2. He Came To Some In Their Fearfulness

(Luke 24:36-39) And as they thus spake, Jesus himself stood in the midst of them (the eleven who had gathered without Thomas and possibly without Simon), and saith unto them, Peace be unto you. {37} But they were terrified and affrighted, and supposed that they had seen a spirit. {38} And he said unto them, Why are ye troubled? and why do thoughts arise in your hearts? {39} Behold my hands and my feet, that it is I myself: handle me, and see; for a spirit hath not flesh and bones, as ye see me have.

troubled – Greek 5015. tarasso, tar-as'-so; of uncert. affin.; to stir or agitate (roil water):--trouble.

thoughts – Greek 1261. dialogismos, dee-al-og-is-mos'; from G1260; discussion, i.e. (internal) consideration (by impl. purpose), or (external) debate:--dispute, doubtful (-ing), imagination, reasoning, thought.

May I say that because the risen Christ is still alive today, He is able to come to you spiritually and speak to you in your times of confusion and sadness, in your times of failure and fear. And if you do not know Him personally, He is able to come and save you by His grace.


One of the great Easter songs that expresses the truth that this was a funeral that didn’t last is the song written by Robert Lowry.
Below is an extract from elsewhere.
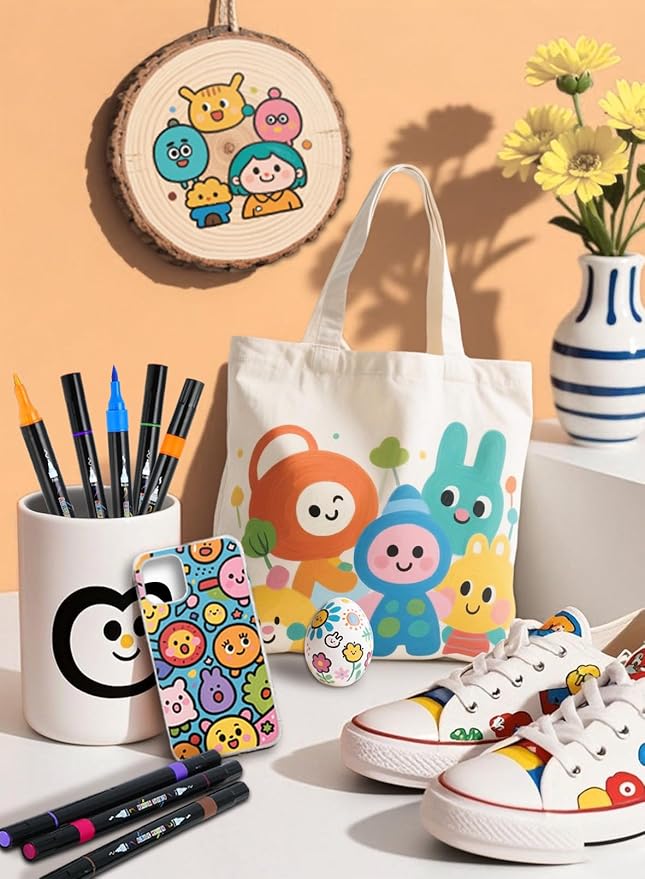- Dual Tip Design: Our acrylic markers feature a dual tip design with both a 1-5mm brush tip and a 1mm extra fine tip, allowing for greater versatility in your artwork. The extra fine tip is perfect for outlining and fine line work, while the brush tip is great for larger areas of coloring and detailing
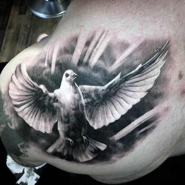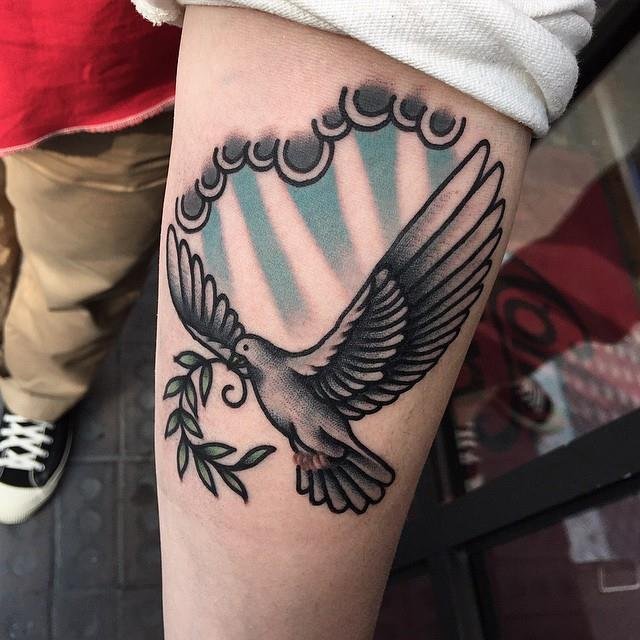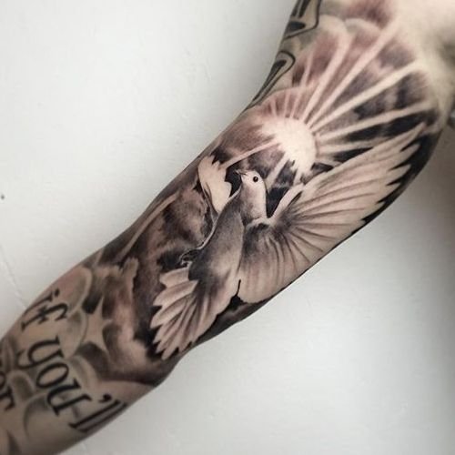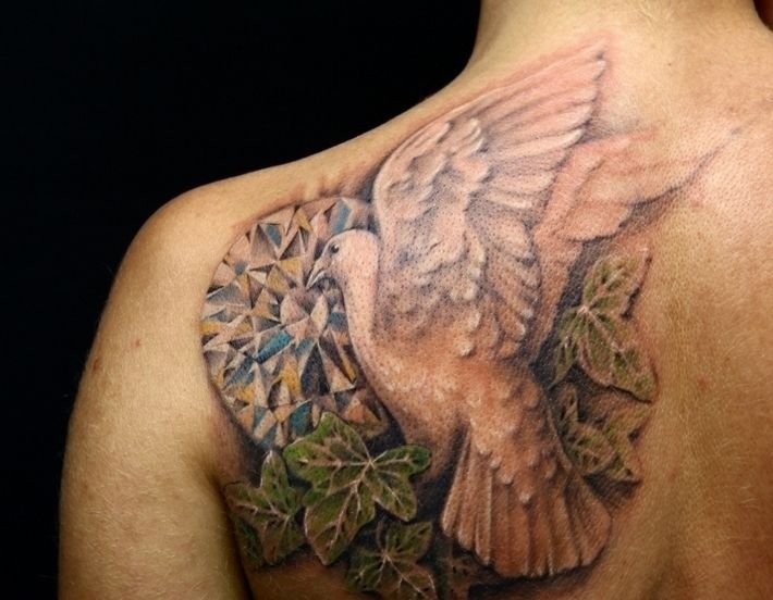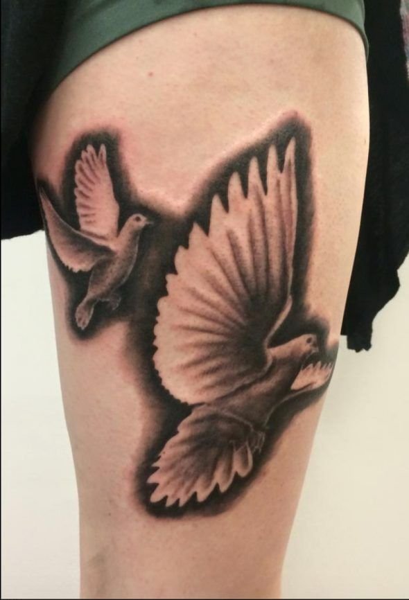 Оригінально та красиво голуб буде в будь-якому виконуваному стилі, хоч це буде реалізм, блекворк, або треш-полька. Голуб прекрасно поєднується з різними доповненнями: квіти, стрічки, написи та багато іншого. Зображення голуба можна здійснювати в будь-яких колірних відтінках. Ви самі можете створити ескіз, який буде Вам до душі та наділити його особливим значенням.

In his book “101 More Hymn Stories,” Kenneth Osbeck said that “During the Easter season of 1874, while having his devotions one evening, Robert Lowry was impressed with the events associated with Christ’s resurrection, especially with these words recorded in Luke 24:6-8:

He is not here, but is risen; remember how He spoke unto you when he was yet in Galilee, saying, the Son of Man must be delivered into the hands of sinful men and be crucified, and the third day rise again. And they remembered his words.

Osbeck continued by saying…

Soon Robert Lowry found himself seated at the little pump organ in the parlor of his home, and, in a very spontaneous fashion, there came forth the music and the words, giving expression to the thoughts that had been uppermost in his mind. … The hymn’s verses and refrain depict a vivid contrast between the moods of death and resurrection.

The songs says…

Verse 1: Low in the grave He lay, Jesus my Savior, Waiting the coming day, Jesus my Lord!
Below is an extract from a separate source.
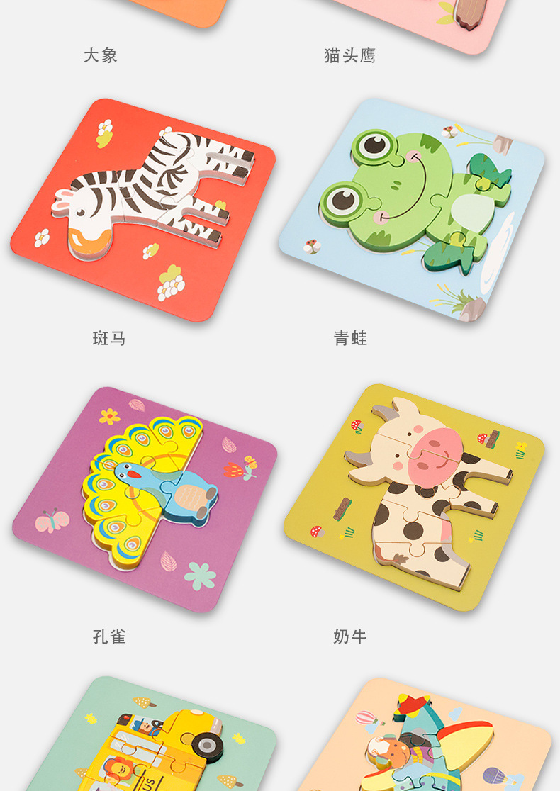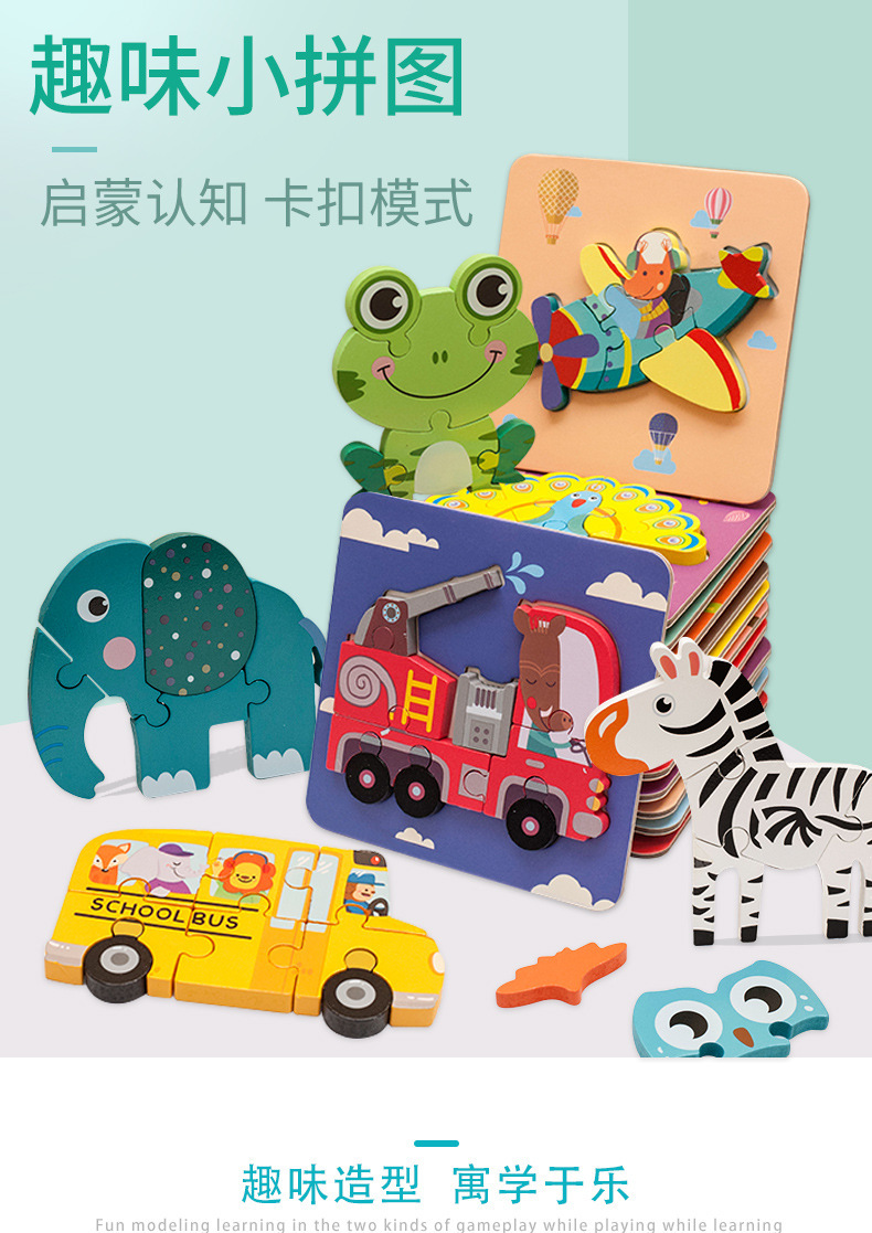 나무 어린이 입체 직소 퍼즐 동물 교통 조기 교육인지 손 그립 버클 퍼즐 장난감 도매스토어 가기

Verse 2: Vainly they watch His bed, Jesus my Savior; Vainly they seal the dead, Jesus my Lord!

Verse 3: Death cannot keep its Prey, Jesus my Savior; He tore the bars away, Jesus my Lord!


Up from the grave He arose, With a mighty triumph o’er His foes,

He arose a Victor from the dark domain, And He lives forever, with His saints to reign.

He arose! He arose! Hallelujah! Christ arose!